Implikasi Filsafat Positivisme di Dunia Pendidikan
Para
ilmuwan dalam bidang eksakta (kimia, fisika, biologi dan sebagainya) cenderung
menggunakan posisi ontologi, yang memandang dunia secara obyektif. Sehingga epistimologi untuk memperoleh
kebenaran adalah menggunakan metode
obyektif dengan hasil yang dapat digeneralisasikan. Sedangkan para ilmuwan di bidang non-eksakta (Pendidikan
agama, kewarganegaraan, ilmu pengetahuan sosial, dan sebagainya) mengikuti
pemikiran para ilmuwan bidang eksakta.

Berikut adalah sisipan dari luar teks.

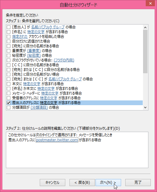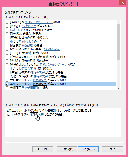 - 「差出人のアドレスに特定の文字が含まれる場合」にチェックを入れて、ステップ2の下線をクリックします。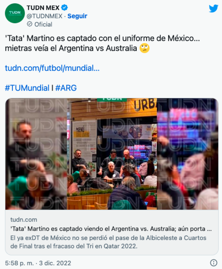 La imagen que circula en las redes sociales, se puede observar a Martino siguiendo cada detalle de la victoria de los sudamericanos. El estratega fue visto con el uniforme de la Selección Mexicana, a pesar de que se confirmó que ya no continuará en el Tri.

Hal ini dikarenakan pendapat
para ilmuwan eksakta
telah mengakar dan sangat popular.
Hal yang seperti itulah yang pada
akhirnya membawa implikasi yang kurang baik terhadap
pendidikan di Indonesia. Aliran positivisme telah menjadikan ilmu pengetahuan lain
seperti ilmu pengetahuan sosial menjadi ilmu pengetahuan yang dinomor duakan
bahkan sering dipandang sebelah mata. Sekarang dapat kita lihat, institusi pendidikan
pun melakukan hal yang sama. Seorang siswa akan bebas memilih jurusan apapun di
perguruan tinggi apabila ia berlatar belakang pendidikan sains,
sebaliknya bagi mereka yang berlatar
belakang ilmu-ilmu sosial tidak dapat memilih jurusan
diluar latar belakang keilmuannya. Para ilmuwan sosial yang peduli, seyogyanya
berbeda dengan mereka yang ada dalam posisi logical
positivism, yaitu dengan mengambil posisi ontologi hermeneutik (hermeneutics) atau fenomenologi (phenomenology) dengan titik tolak bahwa dunia itu bersifat
subyektif, dan karena itu diperlukan usaha epistemology dengan menafsirkan dunia
yang subyektif tersebut.
Menurut
penganut aliran ini, dunia tidak terorganisasikan secara obyektif sesuai dengan prakonsepsi
sebagian orang. Jika dikaitkan dengan pendidikan maka salah satu tujuan pendidikan bangsa
Indonesia yaitu membentuk manusia seutuhnya, dan yang dimaksud dengan manusia
yang utuh adalah tidak hanya cerdas dari segi kognitif saja melainkan juga
cerdas secara emosi dan cerdas spiritual. Manusia yang diharapkan dalam sistem pendidikan Indonesia
ialah yang mampu berolah pikir, berolah raga, dan berolah rasa. Jika dikaji lebih lanjut aliran Filsafat
Positivisme mengarahkan agar pendidikan ini berkembang menuju kepada hal yang baik, baik dari segi intelektual dan memiliki daya
analisis dari sesuatu. Contoh ketika dalam sebuah
materi pelajaran menjelaskan terjadinya hujan maka akan menuntut siswa untuk
berpikir kenapa hujan itu terjadi?.
Siswa mampu mengembangkan pikirannya, mereka sampai pada pemikiran pasti ada sebab atau bukti kenapa hujan itu terjadi, sehingga dari
hal ini akan mewujudkan generasi kritis-kreatif.
BAB
III
PENUTUP
A.
Kesimpulan
Pada
hakikatnya Positivisme adalah salah satu aliran filsafat
modern yang berpangkal dari fakta yang positif, menekankan hal-hal yang berfokus kepada
data yang empiris dan menolak
metafisik serta ilmu ghaib. Suatu ilmu harus
disesuaikan dengan fakta yang sebenar-benarnya terjadi dalam kehidupan.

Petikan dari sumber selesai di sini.